Figure 19 illustrates a comparison between the confusion matrix heatmaps of the LDA and the proposed method. From the comparison, it is evident that the proposed method consistently outperforms the LDA in terms of classification accuracy across various urban functional zone categories. For single urban functional zones, the classification accuracies of the Village (V), Commercial (C), Tourist Attraction (TA), and Foreign Embassy and Consulate (FEC) regions are, respectively, improved by 4%, 1%, 17%, and 13% compared to LDA when the proposed method was applied. Overall, the classification accuracy for single urban functional zones improved by approximately 8.8% using the proposed method. For mixed urban functional zones, the classification accuracies of the Village and Recreational (VR); Residential and Daily Life Service (RDLS); Residential and Commercial (RC); Residential and Recreational (RR); and Residential, Commercial, and Science and Education Cultural (RCSEC) regions are, respectively, improved by 10%, 7%, 1%, 11%, and 14% compared to LDA when the proposed method was applied. Overall, the classification accuracy for mixed urban functional zones improved by approximately 8.6% using the proposed method.
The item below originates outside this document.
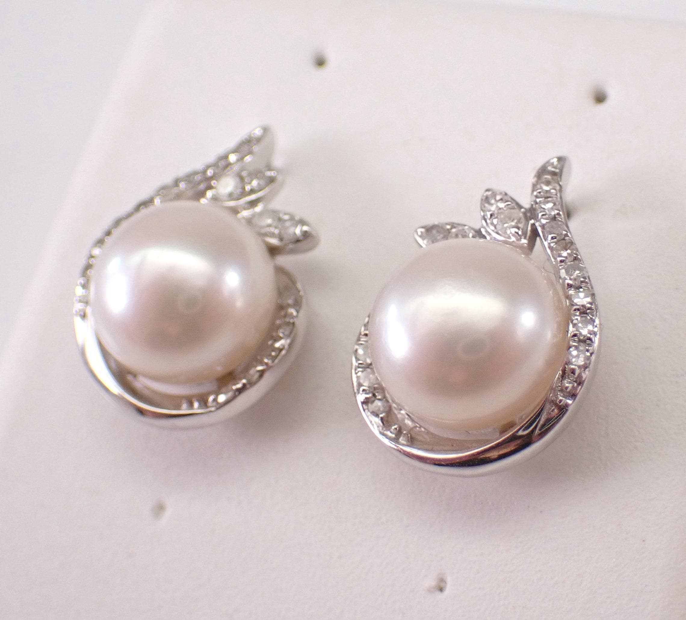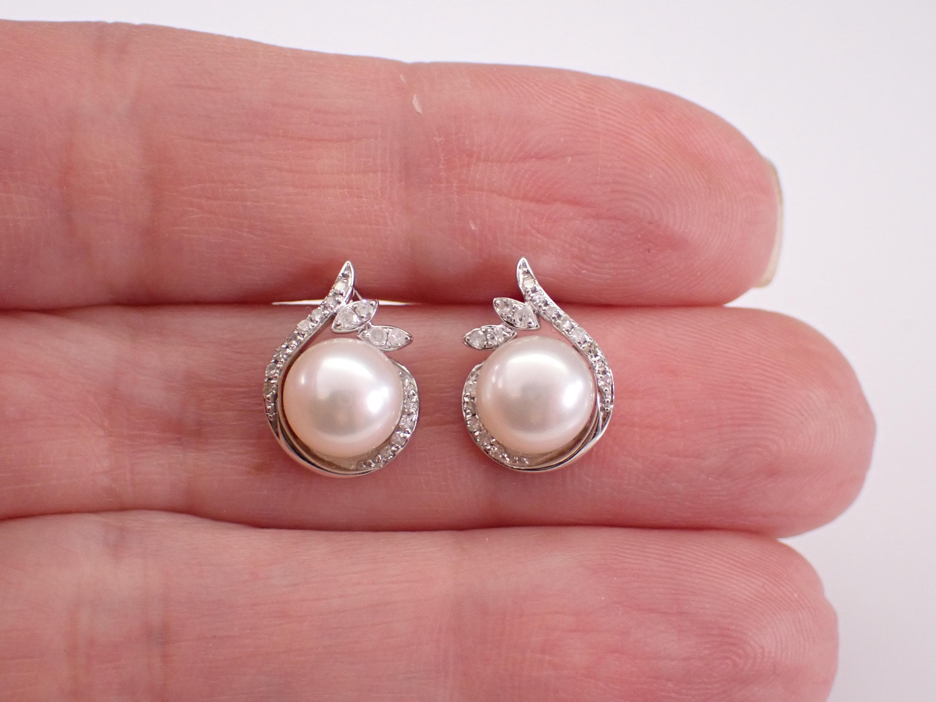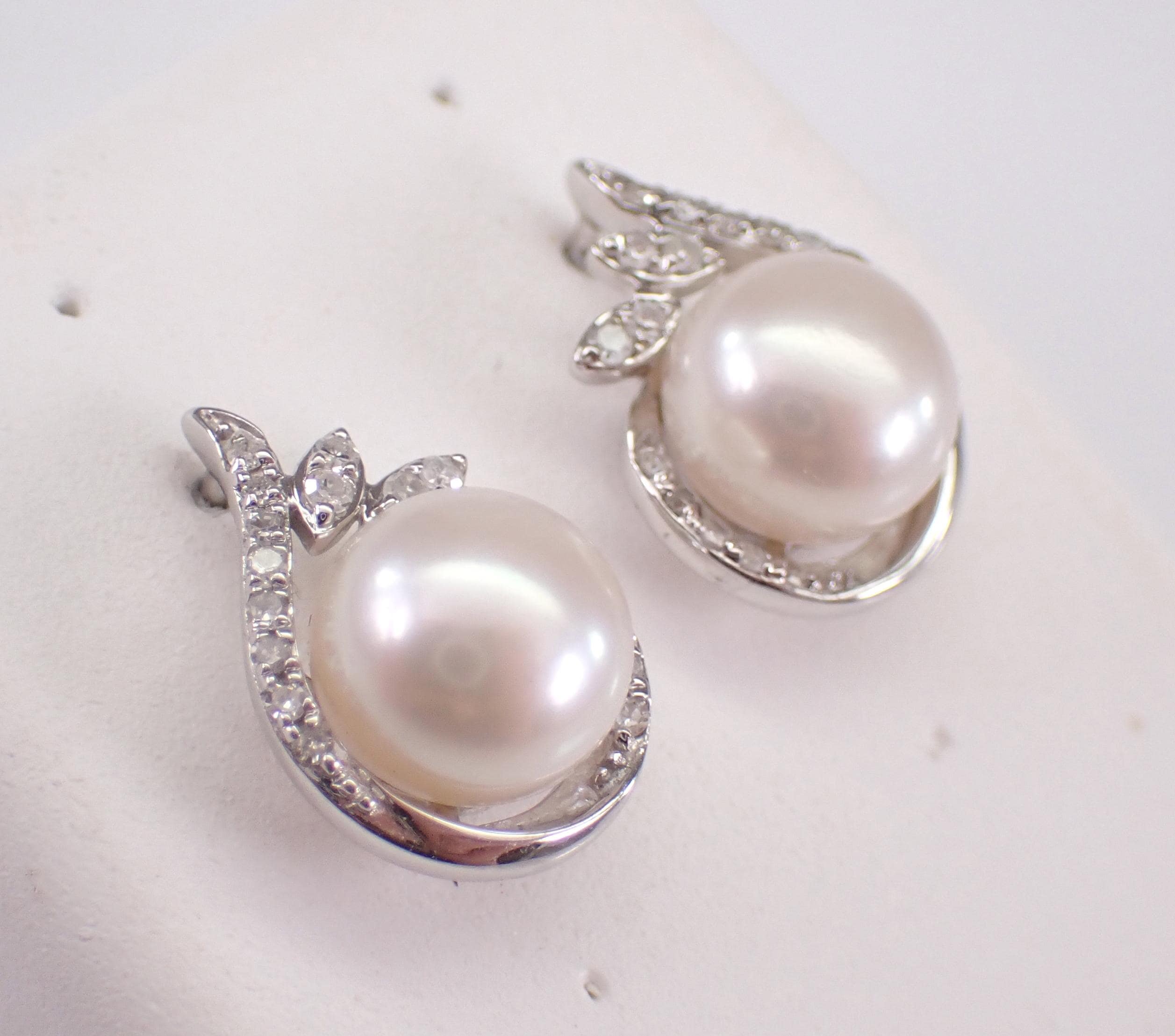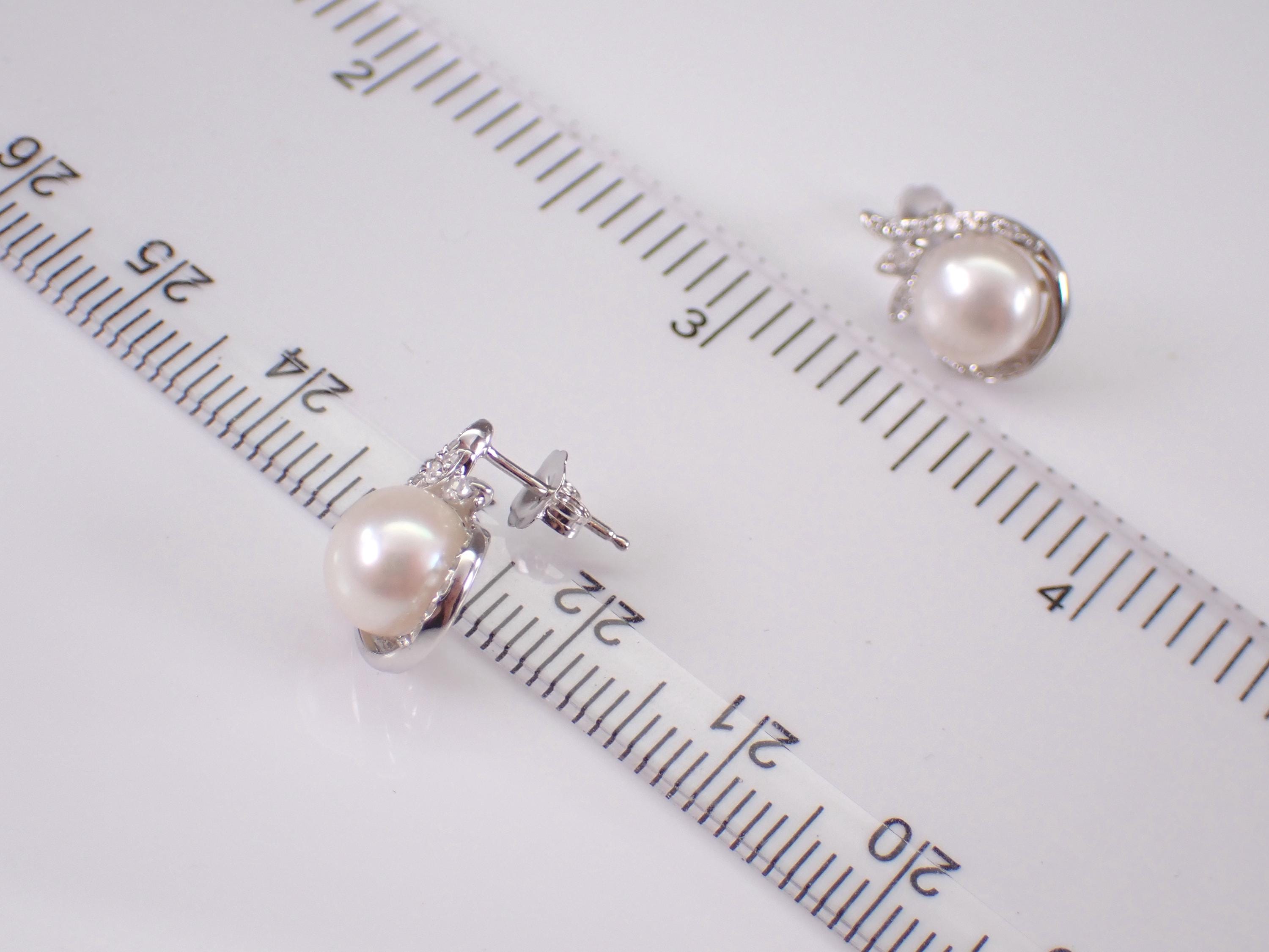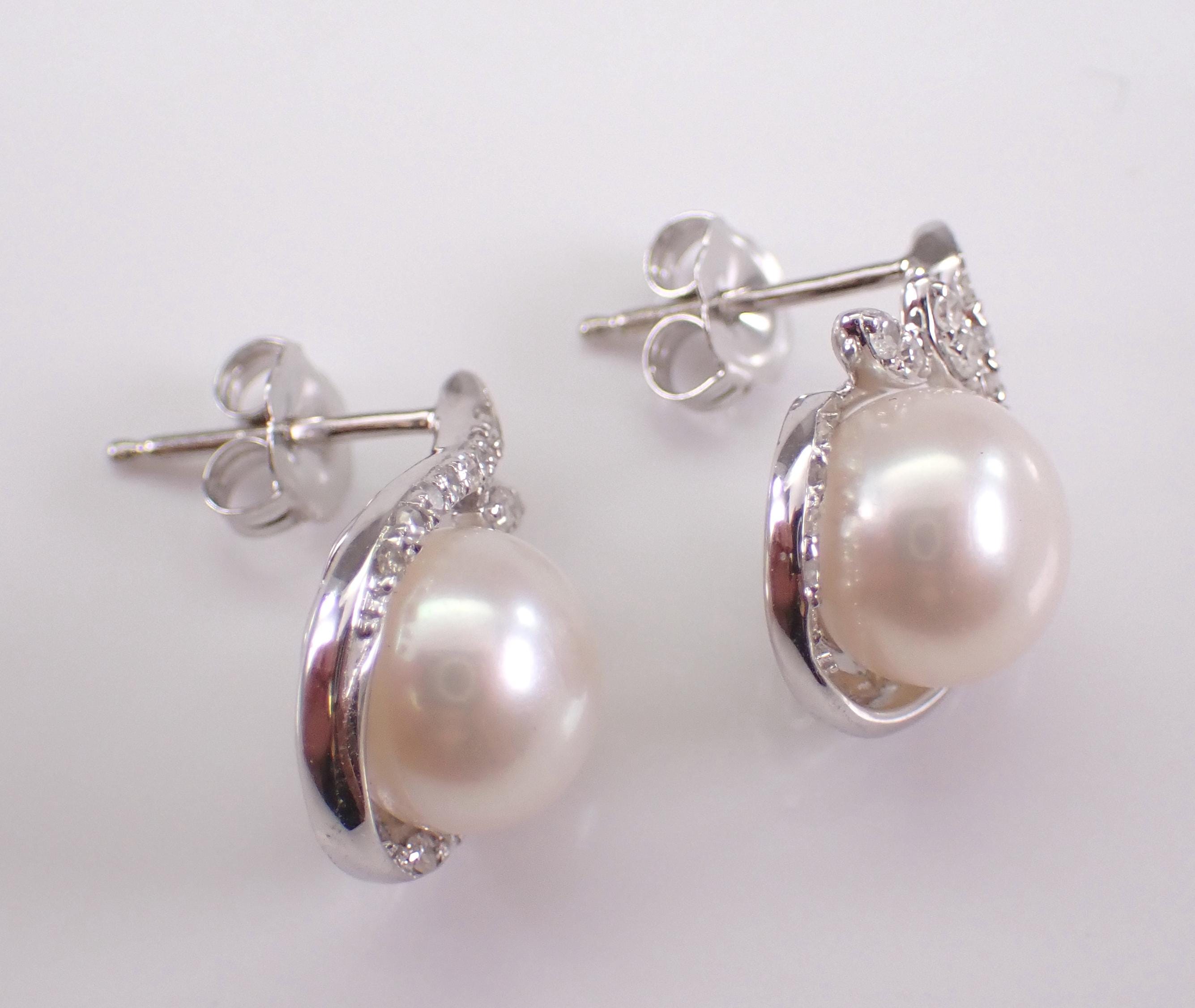 14K White Gold Pearl and Diamond Stud Earrings. These earrings are set with two Round White Pearls and thirty-two genuine Round Brilliant Diamonds. These Pearls measure 7.4 mm in diameter each. The Diamonds in these earrings are H color, SI/I1 clarity and weigh a total of .17 carat. These earrings are 14KT White Gold and weigh a total of 3.0 grams. These earrings are for pierced ears, measure 14 X 10 mm and the earrings have friction post backings. These earrings will be accompanied by an appraisal written by a GIA Certified Diamond Grader with the retail replacement value of $1,495.00. I will ship these earrings promptly in a gift box.

5. Discussion and Conclusions

Extracting accurate semantic features of urban functional zones is important for understanding urban functional zones and exploring urban spatial structure. It is useful and convenient to extract the semantics of urban functional zones using topic models and POIs. However, topic models can only extract statistical information about POIs and ignore spatial information about POIs. Therefore, the extracted semantic features are incomplete. In this paper, we improve the LDA model (a typical topic model) and propose a novel method to extract the spatial semantic features of urban functional zones from POI data.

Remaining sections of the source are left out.